[Stored data]
*** Begin section ***
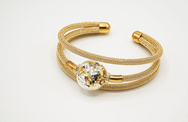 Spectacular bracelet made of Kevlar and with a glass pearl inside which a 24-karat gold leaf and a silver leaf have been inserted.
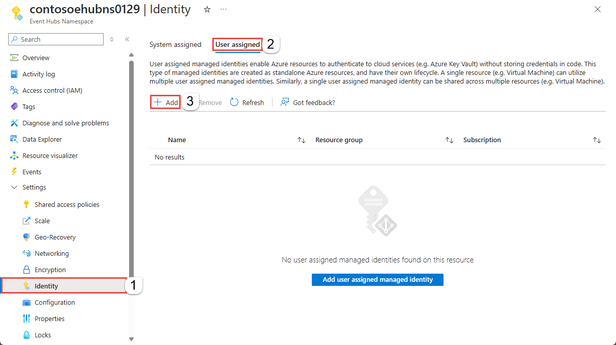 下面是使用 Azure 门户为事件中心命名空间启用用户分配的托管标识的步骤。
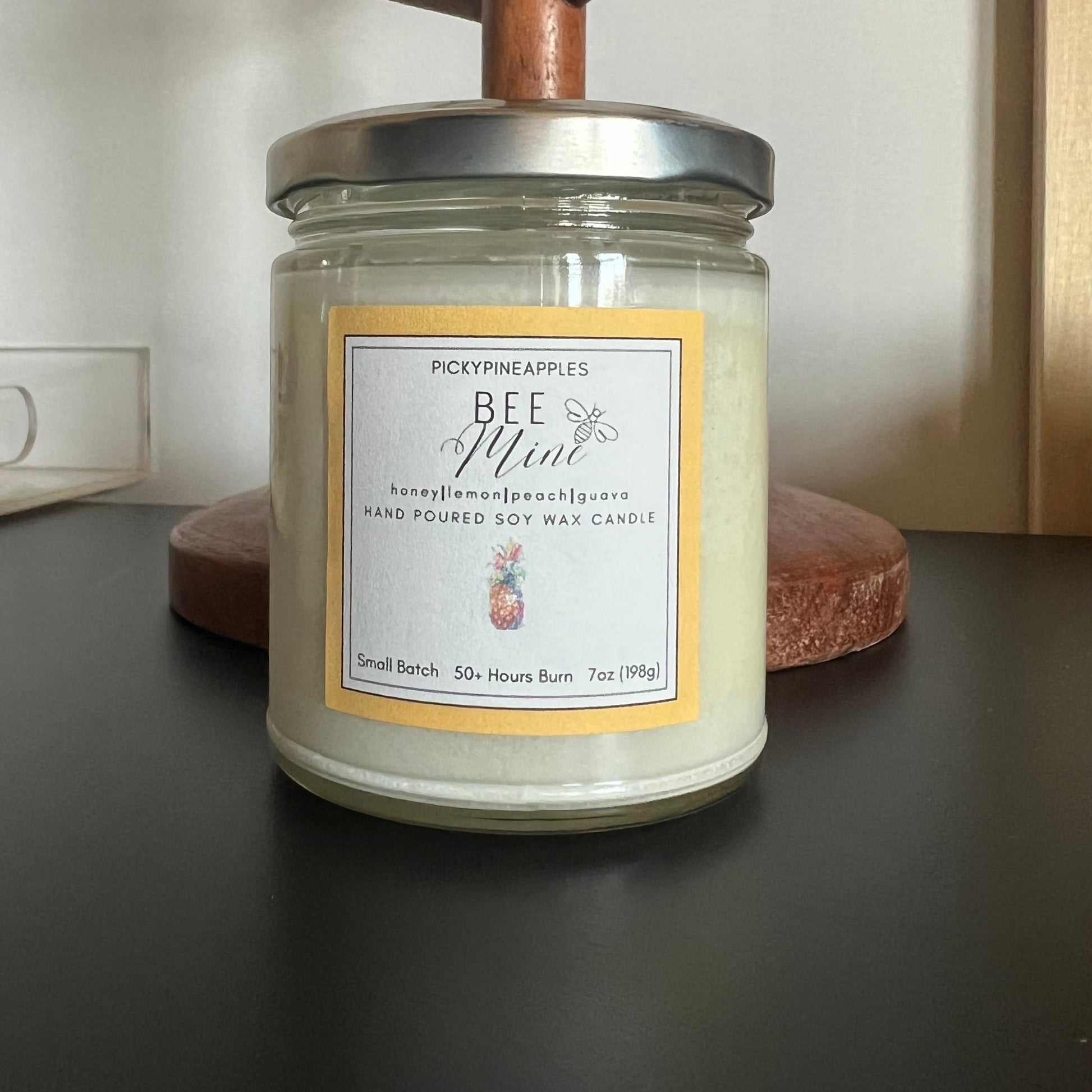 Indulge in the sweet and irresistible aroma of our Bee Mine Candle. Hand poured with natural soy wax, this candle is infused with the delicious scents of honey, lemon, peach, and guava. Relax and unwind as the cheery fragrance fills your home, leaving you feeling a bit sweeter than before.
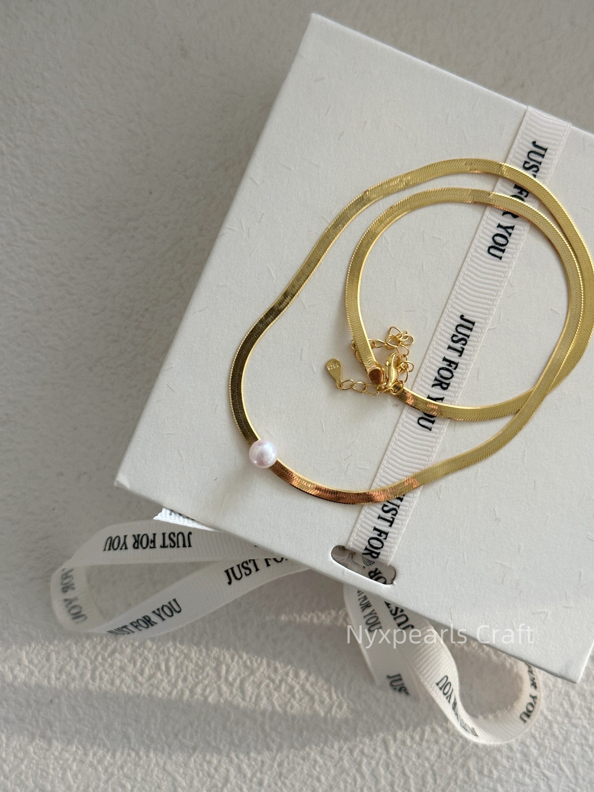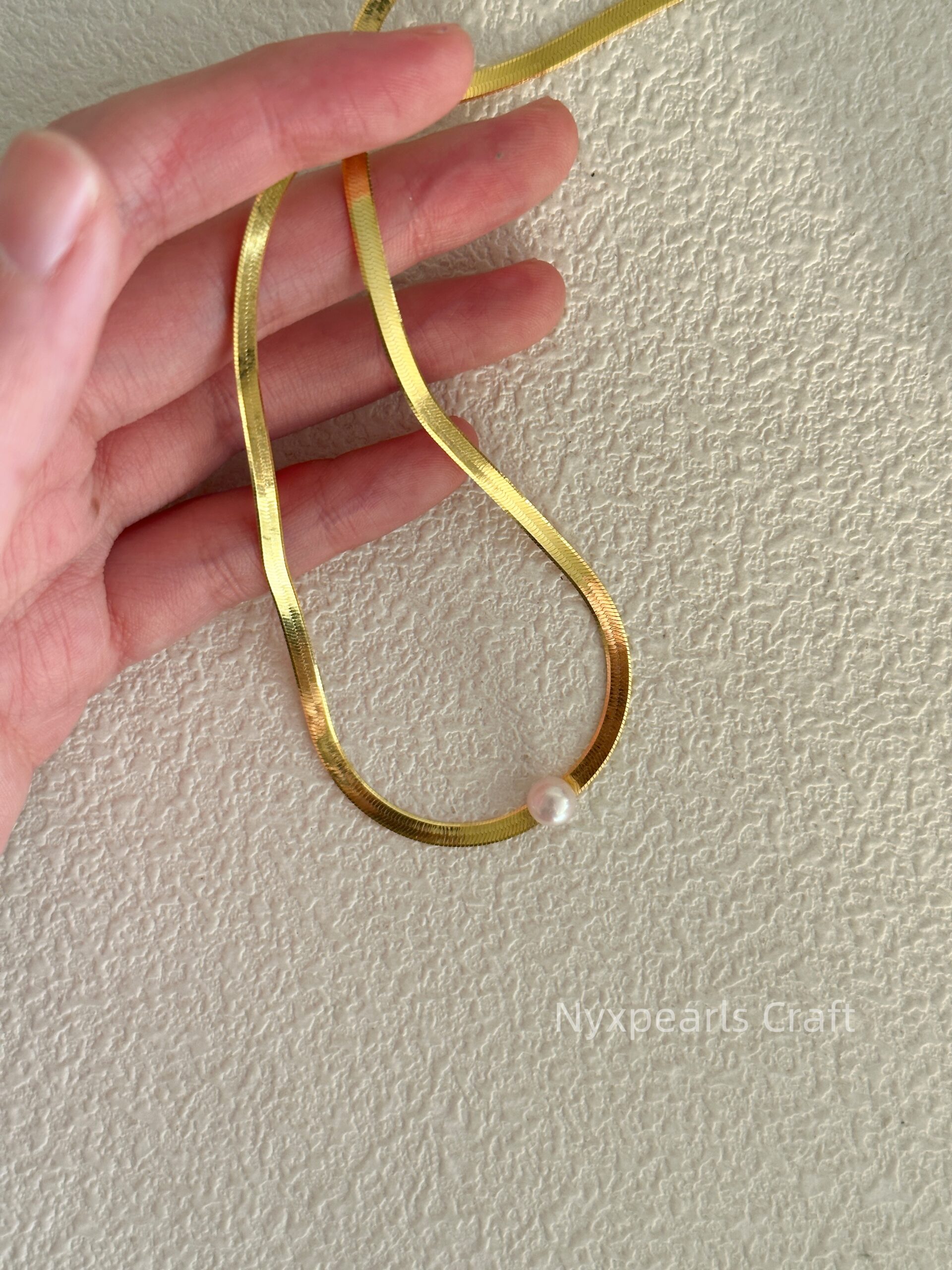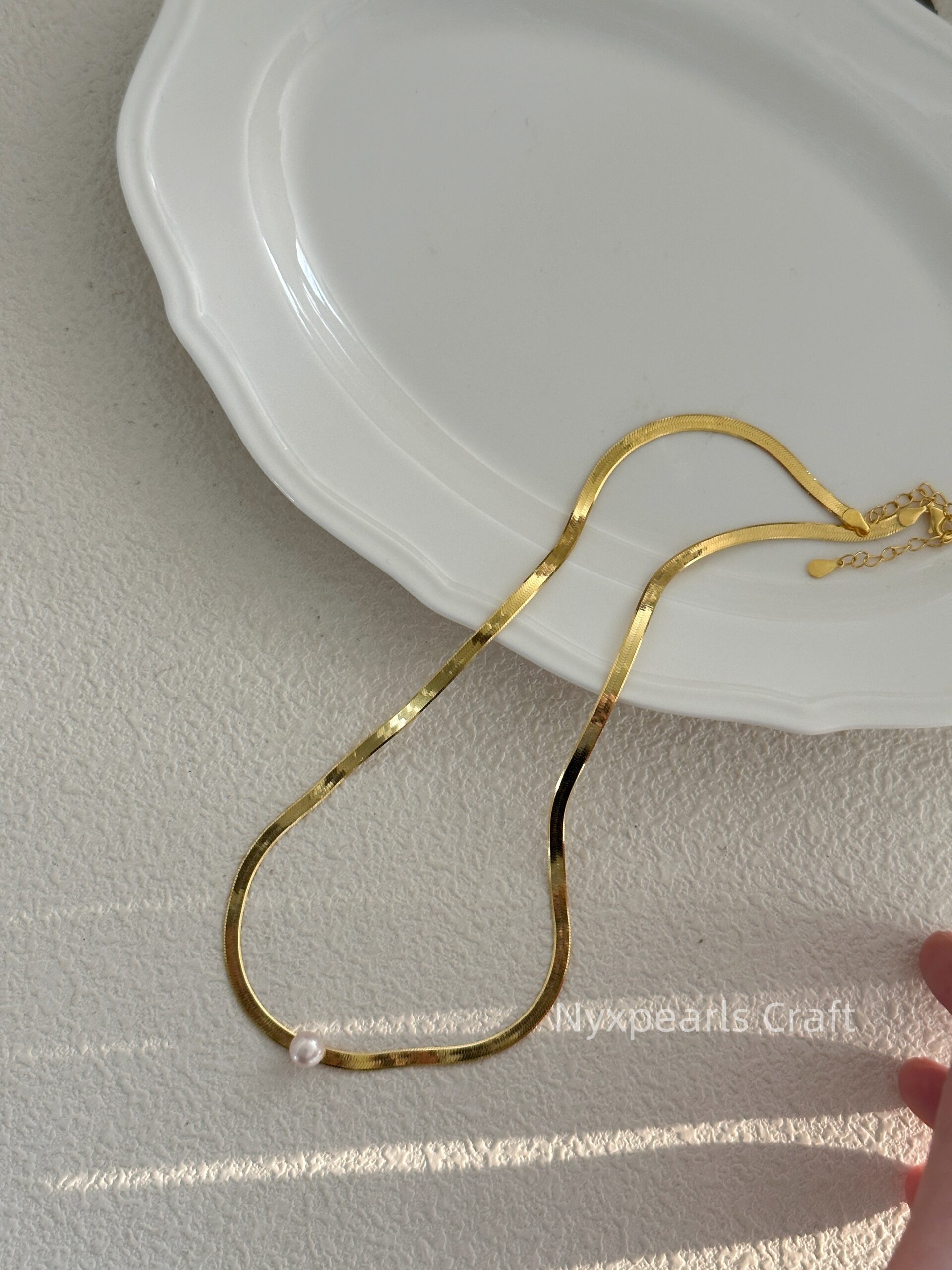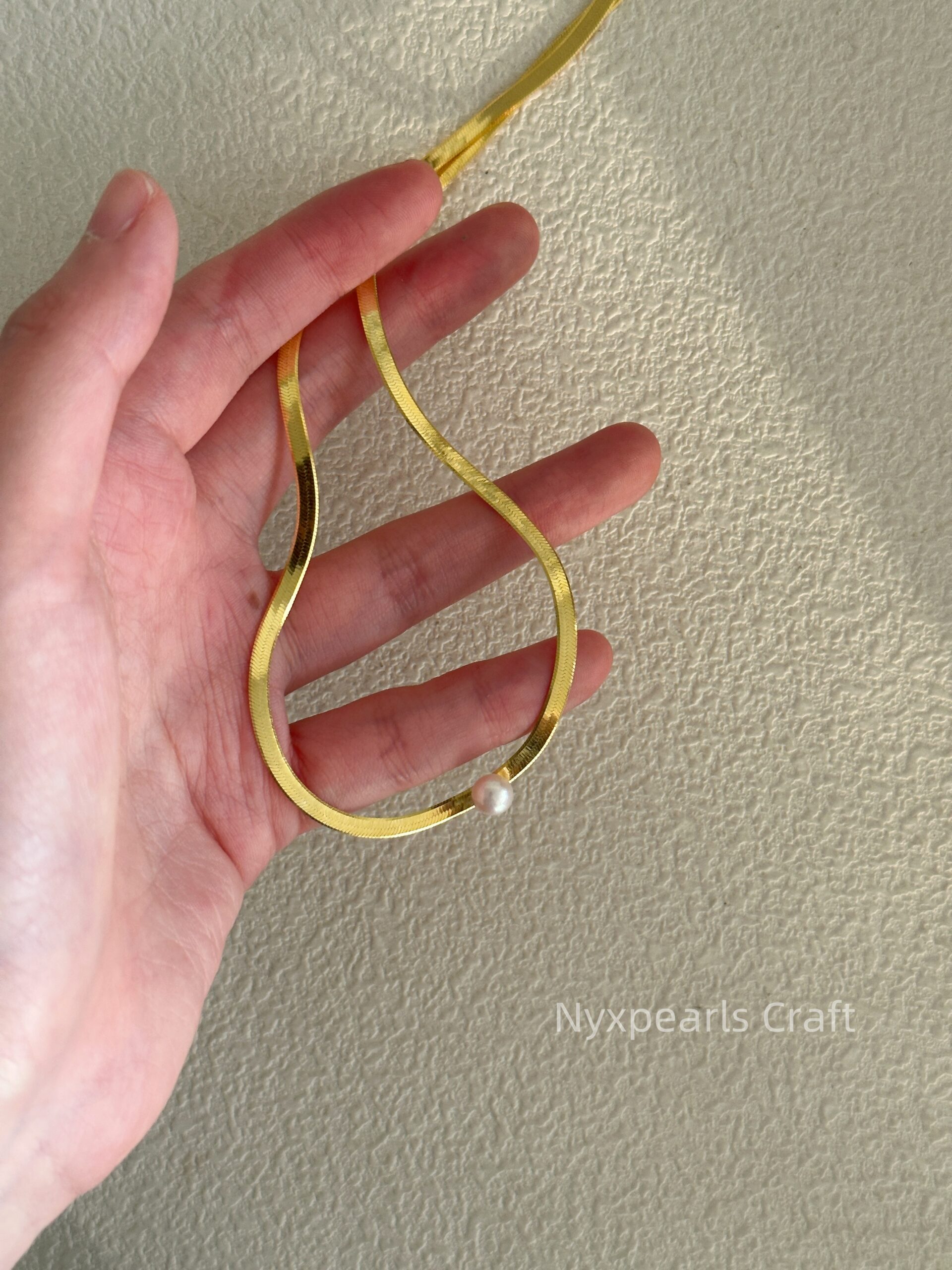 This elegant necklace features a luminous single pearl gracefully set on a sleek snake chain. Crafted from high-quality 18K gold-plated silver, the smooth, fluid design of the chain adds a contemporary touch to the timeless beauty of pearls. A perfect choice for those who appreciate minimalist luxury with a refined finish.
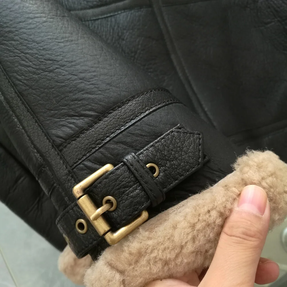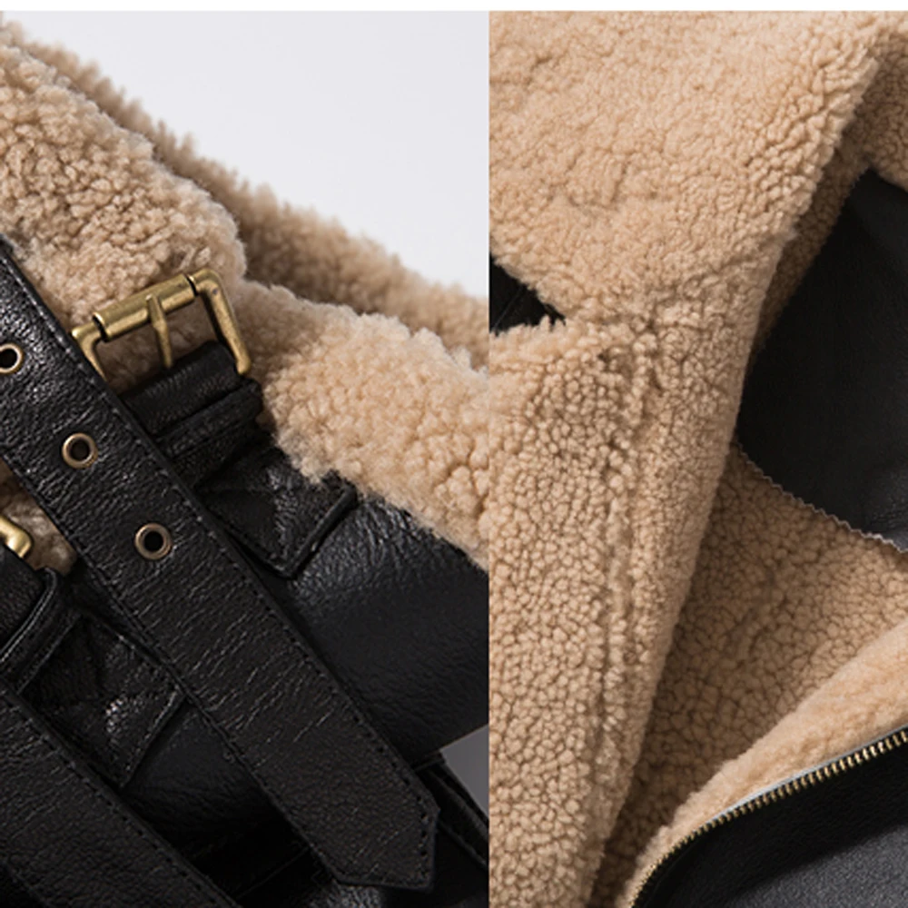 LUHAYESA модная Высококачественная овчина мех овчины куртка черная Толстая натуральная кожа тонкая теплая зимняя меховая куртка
*** End section ***
What to work on: Although pictures appear among the records above, none are to be output; print exactly the lines from the line containing "下面是使用 Azure 门户为事件中心命名空间启用用户分配的托管标识的步骤。" through the line containing "Indulge in the".

Response area:
 下面是使用 Azure 门户为事件中心命名空间启用用户分配的托管标识的步骤。
 Indulge in the sweet and irresistible aroma of our Bee Mine Candle. Hand poured with natural soy wax, this candle is infused with the delicious scents of honey, lemon, peach, and guava. Relax and unwind as the cheery fragrance fills your home, leaving you feeling a bit sweeter than before.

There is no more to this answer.